We started today with shachris in the beautiful shul in Wladowa, a place where Jews have prayed since the late 1700s. Over breakfast, Rav Brown introduced today’s theme —resistance— by telling us about Yitzchak Katzenelson, a Jewish poet and author whose poetry helped spark the Warsaw Ghetto uprising. One of the people about whom he wrote, the Rebbe of Radzyn, also resisted the Nazis in the ghetto by refusing to help them in any way. He even turned down a place in the Judenrat —the Jewish police force— even though that position would have greatly improved his quality of ghetto life.

We continued down the path of Holocaust resistance to the Sobibor death camp, the location of the greatest uprising by Jews in death camps against the Nazis. Motivated by revenge and the need to shine light on the situation there, the Jews in Sobibor didn’t care if they live or died. They just needed to deliver a little bit of hellish vengeance on the Nazis and make sure the world learned their stories. Because they knew anyone left behind would be tortured and killed, the entire camp banded together to kill the Nazis in charge and escape. In the end, 50-70 of the 300 escapees survived the war. Although that is a small percentage, it is because of those heroes that we now know what happened in Sobibor. Such is the power of resistance.

From Sobibor we continued to Majdanek, described by many survivors as the worst of all the concentration camps. Words cannot describe the experience of going inside actual gas chambers, nor the feeling of leaving them, knowing that so many Jews never got that chance. We just passed silently through. We recognized that in Majdanek, resistance was (not so) simply getting through each day. The Nazis wanted the Jews dead, so the act of continuing to live, especially under such horrific and inhumane circumstances, was resistance by itself.
The starkest difference between Majdanek and the other sites we visited is that Majdanek still stands, while the other camps and ghettos have only memorials remaining in their place. Walking through Majdanek and seeing the living conditions and crematoria adds a layer of tangibility to the atrocities that occurred there. This is the reason we come to Poland. Our resistance is to not forget.

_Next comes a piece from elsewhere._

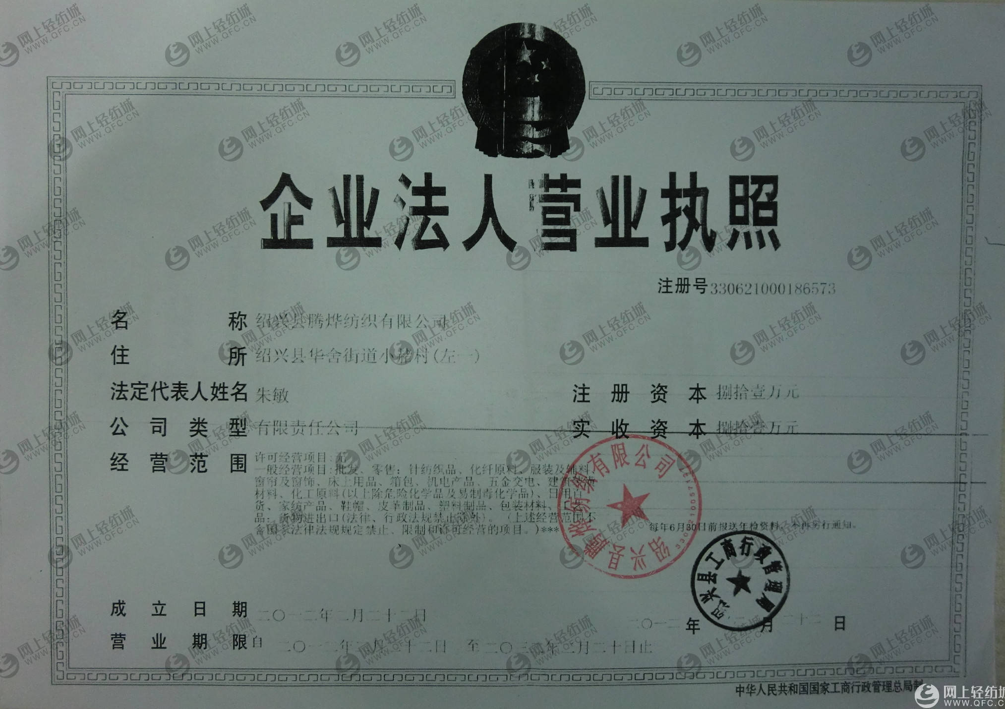| 統(tǒng)一社會信用代碼/營業(yè)執(zhí)照注冊號: | 330621000186573 | 名稱: | 紹興縣騰燁紡織有限公司 |

After Majdanek we took a step back from the Holocaust and visited the Lublin cemetery. Students gave short presentations on the Chozeh of Lublin —legendary chassidic leader— and the Maharshal —contemporary of the Rama and mentor of many great 16th century rabbe’im. We then had dinner at Yeshivat Chachmei Lublin and davened mincha in the beit midrash, a side room of which had been turned into a playroom for Ukrainian refugee children. Some arrived while we were there, and we gifted them backpacks of toys we brought from Israel. Those children lost everything leaving their homes behind, so we gave them something they could call their own. The smiles of excitement on their faces as they rifled through their new bags are not something we will forget. As Noa wrote on day one, and as I see even clearer now, these acts of camaraderie between Jews are our modern version of resistance.

Finally, we closed off the night in a big circle on the floor, sharing thoughts, feelings, and reflections on the day, and starting conversations that will definitely continue throughout the rest of the trip. We then drove to Zamosc, and settled in for the night.